A Practical Spec Template You Can Reuse
You do not need special tooling to start. A plain markdown file with five headers, filled in honestly before you open your coding agent, is enough to change the outcome of most sessions.
- Intent — one paragraph: what user problem this solves and why it matters now.
- Constraints — bullet list: framework, existing components/design tokens to reuse, performance/accessibility bars, anything that must not change.
- Inputs/outputs — concrete shapes: data schema, component props, UI states (empty, loading, error, populated).
- Non-goals — bullet list: what is explicitly out of scope for this pass.
- Acceptance criteria — a short checklist of testable statements describing done.
Write it before the first prompt, keep it in the repo alongside the feature it describes, and update it — not just the prompt — when the requirement changes. Everything else about vibe coding, including the parts that are genuinely fast and genuinely fun, works better once this one habit is in place. For more on how we think about building UI systems that hold up under both human and AI-assisted development, see our other posts on the Polo Themes blog.
Frequently Asked Questions
Isn't writing a spec just slower than prompting directly?
It adds time up front and saves more time later. A five-minute spec that prevents two or three rounds of "actually, not like that" rework is a net time saver, and the gap widens the more complex or ambiguous the feature is. For truly trivial, throwaway prompts, a full spec is overkill; the discipline matters most for anything you intend to keep.
Does this only apply to Claude Code or Cursor, or does it work with any AI coding tool?
The workflow is tool-agnostic. Any agent that accepts a text prompt can be pointed at a spec file or have one pasted into its context.

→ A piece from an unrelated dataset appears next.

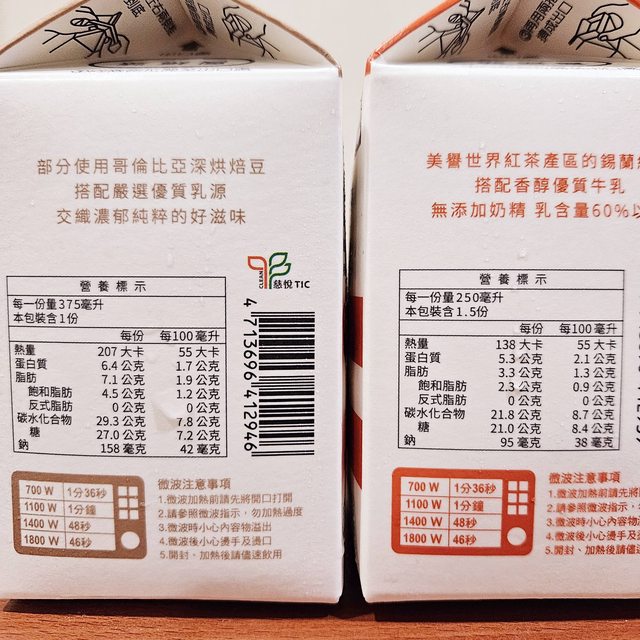 看拿2瓶較便宜,先看了咖啡拿鐵熱量,覺得1瓶200多大卡喝2瓶太超過了,於是再看別的… … 另一款紅茶拿鐵熱量才140?還以為划算(熱量上來說)。但仔細一看竟是每份的單位算法 不一樣! https://i.imgur.com/iGEvyOe.jpg

Tools with native project-context support (via MCP or an equivalent mechanism) make it easier to keep the spec persistently available, but the underlying habit of writing the spec first works with any model or interface.
What is the difference between this and a traditional PRD?
A traditional PRD is often written for stakeholder alignment and includes business context, timelines, and success metrics aimed at humans. A spec-first vibe coding document is leaner and aimed at an implementer, human or AI: it prioritizes explicit constraints, concrete input/output shapes, and checkable acceptance criteria over narrative and business framing. Many teams keep both, with the lightweight spec derived from the PRD right before implementation starts.
Should design specs (Figma files, mockups) replace a written spec?
They complement each other rather than replace one another. A visual reference removes ambiguity about layout and appearance, but it rarely encodes constraints, non-goals, or acceptance criteria on its own. The strongest combination is a written spec that references a concrete design file for the parts that are easier to show than to describe.